• _Exercise_:
What is needed is an exact copy of all the data.

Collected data
--- --- ---

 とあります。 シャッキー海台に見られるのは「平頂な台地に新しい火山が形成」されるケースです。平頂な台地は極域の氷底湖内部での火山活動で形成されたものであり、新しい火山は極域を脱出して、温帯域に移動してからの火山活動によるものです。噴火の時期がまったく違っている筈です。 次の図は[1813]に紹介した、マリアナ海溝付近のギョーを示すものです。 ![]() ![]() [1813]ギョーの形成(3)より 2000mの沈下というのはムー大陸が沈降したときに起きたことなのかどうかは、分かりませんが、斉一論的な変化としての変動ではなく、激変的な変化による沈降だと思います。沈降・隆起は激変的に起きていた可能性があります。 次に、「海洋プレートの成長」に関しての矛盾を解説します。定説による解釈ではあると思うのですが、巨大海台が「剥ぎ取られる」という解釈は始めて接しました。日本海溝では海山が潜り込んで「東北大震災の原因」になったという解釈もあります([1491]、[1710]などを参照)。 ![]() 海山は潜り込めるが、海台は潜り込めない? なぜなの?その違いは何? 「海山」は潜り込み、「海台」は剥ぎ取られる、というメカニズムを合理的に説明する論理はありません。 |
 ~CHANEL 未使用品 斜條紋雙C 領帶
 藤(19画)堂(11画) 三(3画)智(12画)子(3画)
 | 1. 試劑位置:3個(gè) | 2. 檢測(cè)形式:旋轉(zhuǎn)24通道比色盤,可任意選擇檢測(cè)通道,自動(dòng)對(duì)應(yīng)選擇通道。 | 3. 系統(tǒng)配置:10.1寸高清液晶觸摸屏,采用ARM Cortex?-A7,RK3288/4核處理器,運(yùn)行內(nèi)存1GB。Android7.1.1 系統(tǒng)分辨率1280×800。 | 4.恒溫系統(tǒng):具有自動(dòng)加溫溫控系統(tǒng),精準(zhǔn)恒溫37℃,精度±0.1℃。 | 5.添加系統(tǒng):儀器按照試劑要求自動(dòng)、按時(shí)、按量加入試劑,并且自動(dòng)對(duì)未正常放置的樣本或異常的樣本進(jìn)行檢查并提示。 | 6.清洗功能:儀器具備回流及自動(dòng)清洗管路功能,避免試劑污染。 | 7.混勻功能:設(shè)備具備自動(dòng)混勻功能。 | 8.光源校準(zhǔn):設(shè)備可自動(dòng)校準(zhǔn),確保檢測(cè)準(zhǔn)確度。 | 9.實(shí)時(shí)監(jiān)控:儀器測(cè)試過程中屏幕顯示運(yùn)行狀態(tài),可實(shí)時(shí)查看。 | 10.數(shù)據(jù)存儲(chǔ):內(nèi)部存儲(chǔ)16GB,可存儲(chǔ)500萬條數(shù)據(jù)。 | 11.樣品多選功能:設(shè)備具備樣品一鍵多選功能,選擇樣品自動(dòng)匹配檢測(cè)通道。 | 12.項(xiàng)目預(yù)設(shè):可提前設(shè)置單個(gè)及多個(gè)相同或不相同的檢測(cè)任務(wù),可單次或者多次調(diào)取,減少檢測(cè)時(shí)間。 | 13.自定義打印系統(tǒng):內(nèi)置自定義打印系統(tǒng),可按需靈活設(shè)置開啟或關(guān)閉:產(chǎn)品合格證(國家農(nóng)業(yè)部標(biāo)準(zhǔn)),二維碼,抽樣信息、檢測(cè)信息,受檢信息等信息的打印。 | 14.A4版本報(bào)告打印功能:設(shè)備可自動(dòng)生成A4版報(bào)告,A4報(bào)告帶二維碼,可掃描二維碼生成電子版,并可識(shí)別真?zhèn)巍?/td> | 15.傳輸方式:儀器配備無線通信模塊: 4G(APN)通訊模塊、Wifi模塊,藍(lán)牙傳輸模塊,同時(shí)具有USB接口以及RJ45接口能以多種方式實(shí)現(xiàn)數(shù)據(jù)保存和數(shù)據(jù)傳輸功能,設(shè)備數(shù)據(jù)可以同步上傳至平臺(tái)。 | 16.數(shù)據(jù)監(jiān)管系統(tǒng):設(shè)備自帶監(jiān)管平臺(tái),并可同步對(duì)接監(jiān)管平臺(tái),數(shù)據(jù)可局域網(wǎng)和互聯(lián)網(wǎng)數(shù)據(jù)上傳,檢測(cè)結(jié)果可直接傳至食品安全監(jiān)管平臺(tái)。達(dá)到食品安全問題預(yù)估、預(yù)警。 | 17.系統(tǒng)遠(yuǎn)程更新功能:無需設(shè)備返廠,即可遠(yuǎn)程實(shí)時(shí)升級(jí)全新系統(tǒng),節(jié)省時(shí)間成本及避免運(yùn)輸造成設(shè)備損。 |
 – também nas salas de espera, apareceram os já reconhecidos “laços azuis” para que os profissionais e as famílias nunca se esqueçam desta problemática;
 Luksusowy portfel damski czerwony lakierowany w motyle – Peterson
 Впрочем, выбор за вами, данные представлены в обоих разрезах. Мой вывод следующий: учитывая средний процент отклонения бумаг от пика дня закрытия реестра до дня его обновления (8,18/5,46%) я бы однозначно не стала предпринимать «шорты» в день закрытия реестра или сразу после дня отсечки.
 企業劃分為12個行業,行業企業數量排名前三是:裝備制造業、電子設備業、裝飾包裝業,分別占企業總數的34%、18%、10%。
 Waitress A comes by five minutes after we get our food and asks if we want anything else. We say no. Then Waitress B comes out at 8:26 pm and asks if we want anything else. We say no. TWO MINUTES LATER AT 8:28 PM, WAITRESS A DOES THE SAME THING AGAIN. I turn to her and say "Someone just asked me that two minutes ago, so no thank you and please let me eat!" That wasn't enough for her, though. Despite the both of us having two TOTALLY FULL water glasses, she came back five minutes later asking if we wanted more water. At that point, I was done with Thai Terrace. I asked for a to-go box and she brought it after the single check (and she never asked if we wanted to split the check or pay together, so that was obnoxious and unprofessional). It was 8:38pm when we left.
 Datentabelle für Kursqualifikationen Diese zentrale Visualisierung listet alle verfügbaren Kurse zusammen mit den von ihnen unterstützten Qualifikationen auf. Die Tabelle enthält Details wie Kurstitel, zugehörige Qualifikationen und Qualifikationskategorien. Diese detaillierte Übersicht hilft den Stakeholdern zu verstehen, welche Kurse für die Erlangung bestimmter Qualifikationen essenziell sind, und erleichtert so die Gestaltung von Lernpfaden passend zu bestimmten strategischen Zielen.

--- --- ---

• _Response to the exercise_:
 とあります。 シャッキー海台に見られるのは「平頂な台地に新しい火山が形成」されるケースです。平頂な台地は極域の氷底湖内部での火山活動で形成されたものであり、新しい火山は極域を脱出して、温帯域に移動してからの火山活動によるものです。噴火の時期がまったく違っている筈です。 次の図は[1813]に紹介した、マリアナ海溝付近のギョーを示すものです。 ![]() ![]() [1813]ギョーの形成(3)より 2000mの沈下というのはムー大陸が沈降したときに起きたことなのかどうかは、分かりませんが、斉一論的な変化としての変動ではなく、激変的な変化による沈降だと思います。沈降・隆起は激変的に起きていた可能性があります。 次に、「海洋プレートの成長」に関しての矛盾を解説します。定説による解釈ではあると思うのですが、巨大海台が「剥ぎ取られる」という解釈は始めて接しました。日本海溝では海山が潜り込んで「東北大震災の原因」になったという解釈もあります([1491]、[1710]などを参照)。 ![]() 海山は潜り込めるが、海台は潜り込めない? なぜなの?その違いは何? 「海山」は潜り込み、「海台」は剥ぎ取られる、というメカニズムを合理的に説明する論理はありません。 |
 ~CHANEL 未使用品 斜條紋雙C 領帶
 藤(19画)堂(11画) 三(3画)智(12画)子(3画)
 | 1. 試劑位置:3個(gè) | 2. 檢測(cè)形式:旋轉(zhuǎn)24通道比色盤,可任意選擇檢測(cè)通道,自動(dòng)對(duì)應(yīng)選擇通道。 | 3. 系統(tǒng)配置:10.1寸高清液晶觸摸屏,采用ARM Cortex?-A7,RK3288/4核處理器,運(yùn)行內(nèi)存1GB。Android7.1.1 系統(tǒng)分辨率1280×800。 | 4.恒溫系統(tǒng):具有自動(dòng)加溫溫控系統(tǒng),精準(zhǔn)恒溫37℃,精度±0.1℃。 | 5.添加系統(tǒng):儀器按照試劑要求自動(dòng)、按時(shí)、按量加入試劑,并且自動(dòng)對(duì)未正常放置的樣本或異常的樣本進(jìn)行檢查并提示。 | 6.清洗功能:儀器具備回流及自動(dòng)清洗管路功能,避免試劑污染。 | 7.混勻功能:設(shè)備具備自動(dòng)混勻功能。 | 8.光源校準(zhǔn):設(shè)備可自動(dòng)校準(zhǔn),確保檢測(cè)準(zhǔn)確度。 | 9.實(shí)時(shí)監(jiān)控:儀器測(cè)試過程中屏幕顯示運(yùn)行狀態(tài),可實(shí)時(shí)查看。 | 10.數(shù)據(jù)存儲(chǔ):內(nèi)部存儲(chǔ)16GB,可存儲(chǔ)500萬條數(shù)據(jù)。 | 11.樣品多選功能:設(shè)備具備樣品一鍵多選功能,選擇樣品自動(dòng)匹配檢測(cè)通道。 | 12.項(xiàng)目預(yù)設(shè):可提前設(shè)置單個(gè)及多個(gè)相同或不相同的檢測(cè)任務(wù),可單次或者多次調(diào)取,減少檢測(cè)時(shí)間。 | 13.自定義打印系統(tǒng):內(nèi)置自定義打印系統(tǒng),可按需靈活設(shè)置開啟或關(guān)閉:產(chǎn)品合格證(國家農(nóng)業(yè)部標(biāo)準(zhǔn)),二維碼,抽樣信息、檢測(cè)信息,受檢信息等信息的打印。 | 14.A4版本報(bào)告打印功能:設(shè)備可自動(dòng)生成A4版報(bào)告,A4報(bào)告帶二維碼,可掃描二維碼生成電子版,并可識(shí)別真?zhèn)巍?/td> | 15.傳輸方式:儀器配備無線通信模塊: 4G(APN)通訊模塊、Wifi模塊,藍(lán)牙傳輸模塊,同時(shí)具有USB接口以及RJ45接口能以多種方式實(shí)現(xiàn)數(shù)據(jù)保存和數(shù)據(jù)傳輸功能,設(shè)備數(shù)據(jù)可以同步上傳至平臺(tái)。 | 16.數(shù)據(jù)監(jiān)管系統(tǒng):設(shè)備自帶監(jiān)管平臺(tái),并可同步對(duì)接監(jiān)管平臺(tái),數(shù)據(jù)可局域網(wǎng)和互聯(lián)網(wǎng)數(shù)據(jù)上傳,檢測(cè)結(jié)果可直接傳至食品安全監(jiān)管平臺(tái)。達(dá)到食品安全問題預(yù)估、預(yù)警。 | 17.系統(tǒng)遠(yuǎn)程更新功能:無需設(shè)備返廠,即可遠(yuǎn)程實(shí)時(shí)升級(jí)全新系統(tǒng),節(jié)省時(shí)間成本及避免運(yùn)輸造成設(shè)備損。 |
 – também nas salas de espera, apareceram os já reconhecidos “laços azuis” para que os profissionais e as famílias nunca se esqueçam desta problemática;
 Luksusowy portfel damski czerwony lakierowany w motyle – Peterson
 Впрочем, выбор за вами, данные представлены в обоих разрезах. Мой вывод следующий: учитывая средний процент отклонения бумаг от пика дня закрытия реестра до дня его обновления (8,18/5,46%) я бы однозначно не стала предпринимать «шорты» в день закрытия реестра или сразу после дня отсечки.
 企業劃分為12個行業,行業企業數量排名前三是:裝備制造業、電子設備業、裝飾包裝業,分別占企業總數的34%、18%、10%。
 Waitress A comes by five minutes after we get our food and asks if we want anything else. We say no. Then Waitress B comes out at 8:26 pm and asks if we want anything else. We say no. TWO MINUTES LATER AT 8:28 PM, WAITRESS A DOES THE SAME THING AGAIN. I turn to her and say "Someone just asked me that two minutes ago, so no thank you and please let me eat!" That wasn't enough for her, though. Despite the both of us having two TOTALLY FULL water glasses, she came back five minutes later asking if we wanted more water. At that point, I was done with Thai Terrace. I asked for a to-go box and she brought it after the single check (and she never asked if we wanted to split the check or pay together, so that was obnoxious and unprofessional). It was 8:38pm when we left.
 Datentabelle für Kursqualifikationen Diese zentrale Visualisierung listet alle verfügbaren Kurse zusammen mit den von ihnen unterstützten Qualifikationen auf. Die Tabelle enthält Details wie Kurstitel, zugehörige Qualifikationen und Qualifikationskategorien. Diese detaillierte Übersicht hilft den Stakeholdern zu verstehen, welche Kurse für die Erlangung bestimmter Qualifikationen essenziell sind, und erleichtert so die Gestaltung von Lernpfaden passend zu bestimmten strategischen Zielen.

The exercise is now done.